§ Data records
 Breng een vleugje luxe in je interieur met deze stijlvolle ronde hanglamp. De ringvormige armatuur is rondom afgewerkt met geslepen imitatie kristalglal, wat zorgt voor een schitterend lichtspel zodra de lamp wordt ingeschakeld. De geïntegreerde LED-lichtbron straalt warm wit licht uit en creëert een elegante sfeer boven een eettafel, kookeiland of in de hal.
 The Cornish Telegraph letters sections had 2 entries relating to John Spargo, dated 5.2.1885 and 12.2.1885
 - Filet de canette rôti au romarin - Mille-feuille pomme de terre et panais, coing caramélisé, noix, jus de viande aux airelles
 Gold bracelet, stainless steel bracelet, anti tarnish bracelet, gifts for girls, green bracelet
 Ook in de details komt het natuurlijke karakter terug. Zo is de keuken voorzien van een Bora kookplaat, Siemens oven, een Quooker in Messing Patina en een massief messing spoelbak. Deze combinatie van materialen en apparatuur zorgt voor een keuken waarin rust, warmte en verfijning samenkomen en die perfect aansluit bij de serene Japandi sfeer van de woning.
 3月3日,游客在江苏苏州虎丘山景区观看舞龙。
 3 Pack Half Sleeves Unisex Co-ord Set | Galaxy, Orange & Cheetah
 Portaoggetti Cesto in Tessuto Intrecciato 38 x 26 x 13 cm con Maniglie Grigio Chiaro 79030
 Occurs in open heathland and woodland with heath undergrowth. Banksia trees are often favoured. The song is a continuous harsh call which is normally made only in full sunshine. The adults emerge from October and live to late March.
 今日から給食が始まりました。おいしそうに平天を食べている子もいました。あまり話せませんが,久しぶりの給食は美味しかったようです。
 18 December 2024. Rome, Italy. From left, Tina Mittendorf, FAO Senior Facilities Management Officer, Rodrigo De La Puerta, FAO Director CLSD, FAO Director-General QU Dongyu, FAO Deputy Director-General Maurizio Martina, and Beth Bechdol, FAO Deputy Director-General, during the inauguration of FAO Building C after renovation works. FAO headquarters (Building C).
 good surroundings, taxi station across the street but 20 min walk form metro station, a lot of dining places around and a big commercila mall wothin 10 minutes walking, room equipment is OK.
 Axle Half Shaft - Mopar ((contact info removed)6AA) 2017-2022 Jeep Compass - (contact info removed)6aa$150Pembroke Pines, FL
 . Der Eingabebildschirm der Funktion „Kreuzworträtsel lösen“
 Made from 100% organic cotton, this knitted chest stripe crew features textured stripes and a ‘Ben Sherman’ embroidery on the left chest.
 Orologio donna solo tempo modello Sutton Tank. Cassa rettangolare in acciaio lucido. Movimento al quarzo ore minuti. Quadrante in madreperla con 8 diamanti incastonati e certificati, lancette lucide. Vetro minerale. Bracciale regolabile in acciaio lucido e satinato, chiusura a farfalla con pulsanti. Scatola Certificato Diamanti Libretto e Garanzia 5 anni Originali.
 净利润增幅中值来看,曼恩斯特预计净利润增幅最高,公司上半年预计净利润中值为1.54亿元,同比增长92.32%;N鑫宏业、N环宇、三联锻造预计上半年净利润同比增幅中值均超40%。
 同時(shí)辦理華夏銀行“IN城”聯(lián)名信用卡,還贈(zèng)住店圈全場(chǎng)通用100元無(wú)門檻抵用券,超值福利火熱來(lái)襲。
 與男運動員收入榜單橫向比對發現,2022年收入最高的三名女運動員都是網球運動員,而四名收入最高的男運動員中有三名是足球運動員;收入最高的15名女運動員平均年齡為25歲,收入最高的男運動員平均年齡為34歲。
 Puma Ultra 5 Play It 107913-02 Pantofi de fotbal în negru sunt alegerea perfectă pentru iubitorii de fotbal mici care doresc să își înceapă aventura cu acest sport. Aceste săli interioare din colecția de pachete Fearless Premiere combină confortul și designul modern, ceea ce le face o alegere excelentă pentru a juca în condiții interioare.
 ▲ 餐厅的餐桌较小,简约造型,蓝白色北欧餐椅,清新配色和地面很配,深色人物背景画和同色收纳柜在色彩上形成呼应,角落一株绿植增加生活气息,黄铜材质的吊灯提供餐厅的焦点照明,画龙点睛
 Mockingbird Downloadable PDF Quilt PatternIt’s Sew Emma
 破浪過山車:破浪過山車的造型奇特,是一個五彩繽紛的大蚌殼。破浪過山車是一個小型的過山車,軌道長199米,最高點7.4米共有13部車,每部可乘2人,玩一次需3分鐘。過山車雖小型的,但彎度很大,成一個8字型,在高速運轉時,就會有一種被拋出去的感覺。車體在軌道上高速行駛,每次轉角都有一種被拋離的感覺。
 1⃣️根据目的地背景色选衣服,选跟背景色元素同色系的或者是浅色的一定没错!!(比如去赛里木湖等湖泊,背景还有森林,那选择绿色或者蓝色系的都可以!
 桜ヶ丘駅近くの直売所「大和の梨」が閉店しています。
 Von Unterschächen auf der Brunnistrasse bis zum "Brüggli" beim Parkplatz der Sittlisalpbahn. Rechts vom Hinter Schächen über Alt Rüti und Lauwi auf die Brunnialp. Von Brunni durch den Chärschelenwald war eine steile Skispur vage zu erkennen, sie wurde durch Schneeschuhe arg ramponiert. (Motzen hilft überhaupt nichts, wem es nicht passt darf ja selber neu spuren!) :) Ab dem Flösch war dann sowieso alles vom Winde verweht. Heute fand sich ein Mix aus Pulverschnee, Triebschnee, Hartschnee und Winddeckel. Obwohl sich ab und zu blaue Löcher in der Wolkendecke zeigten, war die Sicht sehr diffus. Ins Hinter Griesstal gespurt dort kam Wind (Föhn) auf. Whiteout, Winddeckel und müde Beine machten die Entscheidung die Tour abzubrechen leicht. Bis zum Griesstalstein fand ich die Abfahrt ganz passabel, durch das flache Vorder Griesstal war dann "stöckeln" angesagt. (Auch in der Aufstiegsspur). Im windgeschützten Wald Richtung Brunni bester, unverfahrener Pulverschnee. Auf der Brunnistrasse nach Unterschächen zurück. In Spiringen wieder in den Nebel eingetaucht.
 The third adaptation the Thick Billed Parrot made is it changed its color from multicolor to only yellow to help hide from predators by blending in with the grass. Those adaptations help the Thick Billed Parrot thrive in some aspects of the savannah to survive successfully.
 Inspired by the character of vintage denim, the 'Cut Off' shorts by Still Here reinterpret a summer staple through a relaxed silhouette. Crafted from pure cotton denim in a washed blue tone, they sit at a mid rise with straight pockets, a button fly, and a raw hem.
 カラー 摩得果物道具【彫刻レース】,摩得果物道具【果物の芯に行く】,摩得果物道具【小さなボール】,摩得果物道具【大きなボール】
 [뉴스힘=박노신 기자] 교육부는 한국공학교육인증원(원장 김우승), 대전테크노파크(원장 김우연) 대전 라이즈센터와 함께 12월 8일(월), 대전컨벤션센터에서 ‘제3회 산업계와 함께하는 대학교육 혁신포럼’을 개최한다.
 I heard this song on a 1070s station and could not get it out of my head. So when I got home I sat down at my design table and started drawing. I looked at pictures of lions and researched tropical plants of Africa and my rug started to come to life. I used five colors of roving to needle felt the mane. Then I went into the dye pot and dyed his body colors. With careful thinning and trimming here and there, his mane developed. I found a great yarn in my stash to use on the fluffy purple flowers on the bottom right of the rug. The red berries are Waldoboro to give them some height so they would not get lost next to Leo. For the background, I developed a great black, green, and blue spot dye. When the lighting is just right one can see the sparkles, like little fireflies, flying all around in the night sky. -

§ WHAT TO DO
Set down verbatim only the lines between the start of the data above and the line with "Gold bracelet, stainless", both boundaries included.

§ EXPECTED ANSWER
 Breng een vleugje luxe in je interieur met deze stijlvolle ronde hanglamp. De ringvormige armatuur is rondom afgewerkt met geslepen imitatie kristalglal, wat zorgt voor een schitterend lichtspel zodra de lamp wordt ingeschakeld. De geïntegreerde LED-lichtbron straalt warm wit licht uit en creëert een elegante sfeer boven een eettafel, kookeiland of in de hal.
 The Cornish Telegraph letters sections had 2 entries relating to John Spargo, dated 5.2.1885 and 12.2.1885
 - Filet de canette rôti au romarin - Mille-feuille pomme de terre et panais, coing caramélisé, noix, jus de viande aux airelles
 Gold bracelet, stainless steel bracelet, anti tarnish bracelet, gifts for girls, green bracelet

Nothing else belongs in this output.